Die Tür öffnet sich. Der Dicke erscheint; waagerecht vornübergebeugt stolpert er herein, hinter ihm, im lachsfarbenen Kimono, Frau Beckmann. Sie hat ihm die Arme nach hinten hochgedreht und stößt ihn in die Werkstatt. Mit einem kräftigen Schubs läßt sie los. Der Dicke fällt vornüber in die Abteilung für Damenschuhe. Frau Beckmann macht eine Bewegung, als stäube sie sich die Hände ab, und geht hinaus. Karl Brill tut einen riesigen Satz. Er zerrt den Dicken hoch.»Meine Arme!«wimmert der verschmähte Liebhaber.»Sie hat sie mir ausgedreht! Und mein Bauch! Oh, mein Bauch! Was für ein Schlag!«
Er braucht uns nichts zu erklären. Frau Beckmann ist ein ebenbürtiger Gegner für Karl Brill, den Winterschwimmer und erstklassigen Turner, und hat ihm bereits zweimal einen Arm gebrochen, ganz zu schweigen von dem, was sie mit einer Vase oder einem Schüreisen anrichten kann. Es ist noch kein halbes Jahr her, daß zwei Einbrecher von ihr nachts in der Werkstatt überrascht wurden. Beide lagen hinterher wochenlang im Krankenhaus, und einer hat sich nie von einem Hieb mit einem eisernen Fußmodell über den Schädel erholt, bei dem er gleichzeitig ein Ohr verlor. Er redet wirr seitdem.

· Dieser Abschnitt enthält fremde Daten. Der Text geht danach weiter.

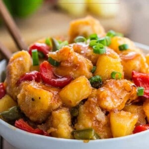 Someone asked me the other day what my favorite recipe from my blog was. It is always hard to choose a favorite! Especially when I have so many good ones. But my mind always goes to the Baked Sweet and Sour Chicken. Chinese food is one of my favorite things! And this is so close to tasting straight from a restaurant. This gets RAVE reviews and I am always getting comments like, “My husband was checking the trash for take out boxes because he wouldn’t believe me that I made it!” And that pretty much sums everything about this recipe. The texture of the chicken is perfect and the sauce glazed on top is amazing.

Karl schleppt den Dicken ans Licht. Er ist weiß vor Wut, aber er kann nichts mehr tun – der Dicke ist fertig. Es ist, als wolle er einen schwer Typhuskranken verprügeln. Der Dicke muß einen fürchterlichen Schlag in die Organe erhalten haben, mit denen er sündigen wollte. Er ist unfähig zu gehen. Karl kann ihn nicht einmal rauswerfen. Wir legen ihn in den Hintergrund auf das Abfalleder.
»Das Schöne bei Karl ist, daß es immer so gemütlich ist«, sagt jemand, der versucht, das Klavier mit Bier zu tränken.
Ich gehe durch die Große Straße nach Hause. Mein Kopf schwimmt; ich habe zuviel getrunken, aber das wollte ich auch. Der Nebel treibt über die vereinzelten Lichter, die noch in den Schaufenstern brennen, und webt goldene Schleier um die Laternen. Im Fenster eines Schlächterladens blüht ein Alpenrosenstock neben einem geschlachteten Ferkel, dem eine Zitrone in die blasse Schnauze geklemmt worden ist. Würste liegen traulich im Kreise herum. Es ist ein Stimmungsbild, das Schönheit und Zweck harmonisch vereint. Ich stehe eine Zeitlang davor und wandere dann weiter.